Example 13.4: Answer the following questions:
(a) Are the equations of nuclear reactions (such as those given in Section 13.7) ‘balanced’ in the sense a chemical equation (e.g., \(2 \mathrm{H}_2+\mathrm{O}_2 \rightarrow 2 \mathrm{H}_2 \mathrm{O}\) ) is? If not, in what sense are they balanced on both sides?
(b) If both the number of protons and the number of neutrons are conserved in each nuclear reaction, in what way is mass converted into energy (or vice-versa) in a nuclear reaction?
(c) A general impression exists that mass-energy interconversion takes place only in nuclear reaction and never in chemical reaction. This is strictly speaking, incorrect. Explain.

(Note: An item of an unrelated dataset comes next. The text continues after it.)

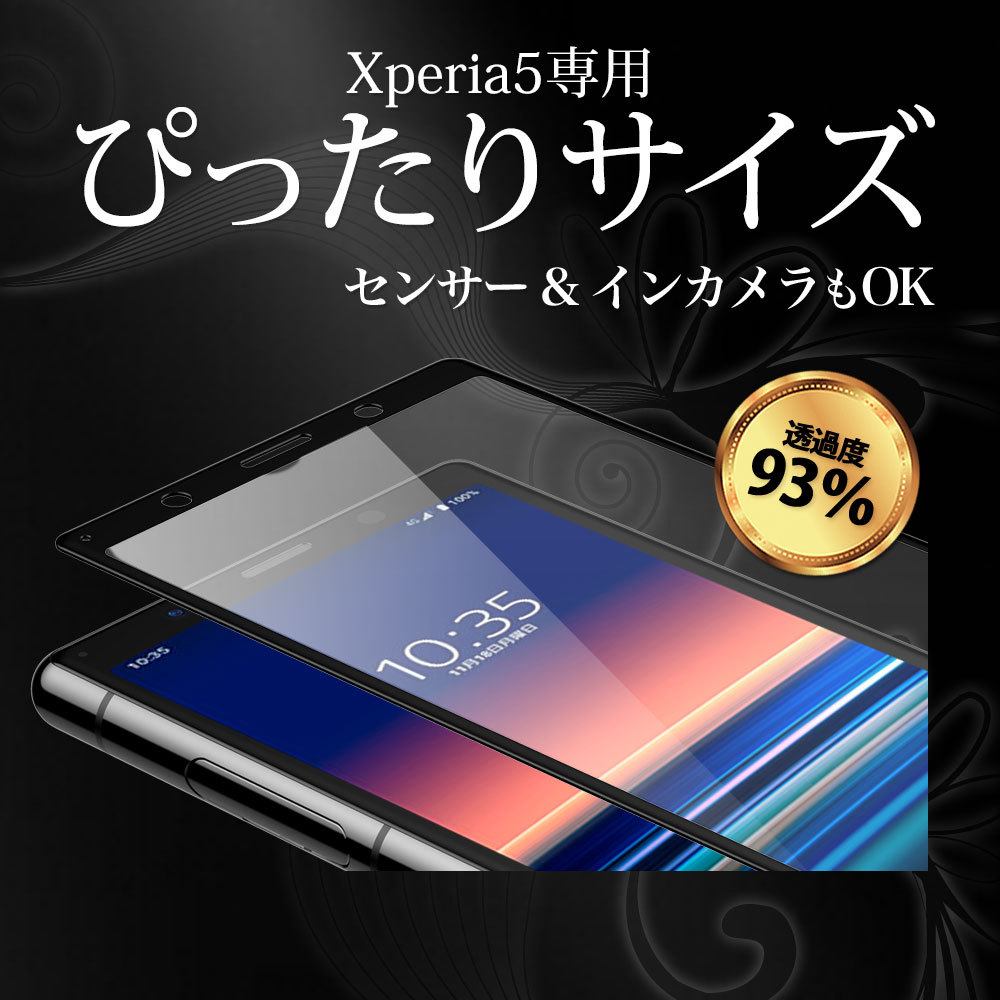 Xperia5 ガラスフィルム SO-01M SOV41 全面 保護 吸着 日本産ガラス仕様

Solution: (a) A chemical equation is balanced in the sense that the number of atoms of each element is the same on both sides of the equation. A chemical reaction merely alters the original combinations of atoms. In a nuclear reaction, elements may be transmuted. Thus, the number of atoms of each element is not necessarily conserved in a nuclear reaction. However, the number of protons and the number of neutrons are both separately conserved in a nuclear reaction. [Actually, even this is not strictly true in the realm of very high energies – what is strictly conserved is the total charge and total ‘baryon number’. We need not pursue this matter here.] In nuclear reactions (e.g., Eq. 13.10), the number of protons and the number of neutrons are the same on the two sides of the equation.
(b) We know that the binding energy of a nucleus gives a negative contribution to the mass of the nucleus (mass defect). Now, since proton number and neutron number are conserved in a nuclear reaction, the total rest mass of neutrons and protons is the same on either side of a reaction. But the total binding energy of nuclei on the left side need not be the same as that on the right hand side. The difference in these binding energies appears as energy released or absorbed in a nuclear reaction. Since binding energy contributes to mass, we say that the difference in the total mass of nuclei on the two sides get converted into energy or vice-versa. It is in these sense that a nuclear reaction is an example of mass-energy interconversion.
(c) From the point of view of mass-energy interconversion, a chemical reaction is similar to a nuclear reaction in principle. The energy released or absorbed in a chemical reaction can be traced to the difference in chemical (not nuclear) binding energies of atoms and molecules on the two sides of a reaction. Since, strictly speaking, chemical binding energy also gives a negative contribution (mass defect) to the total mass of an atom or molecule, we can equally well say that the difference in the total mass of atoms or molecules, on the two sides of the chemical reaction gets converted into energy or vice-versa. However, the mass defects involved in a chemical reaction are almost a million times smaller than those in a nuclear reaction. This is the reason for the general impression, (which is incorrect) that mass-energy interconversion does not take place in a chemical reaction.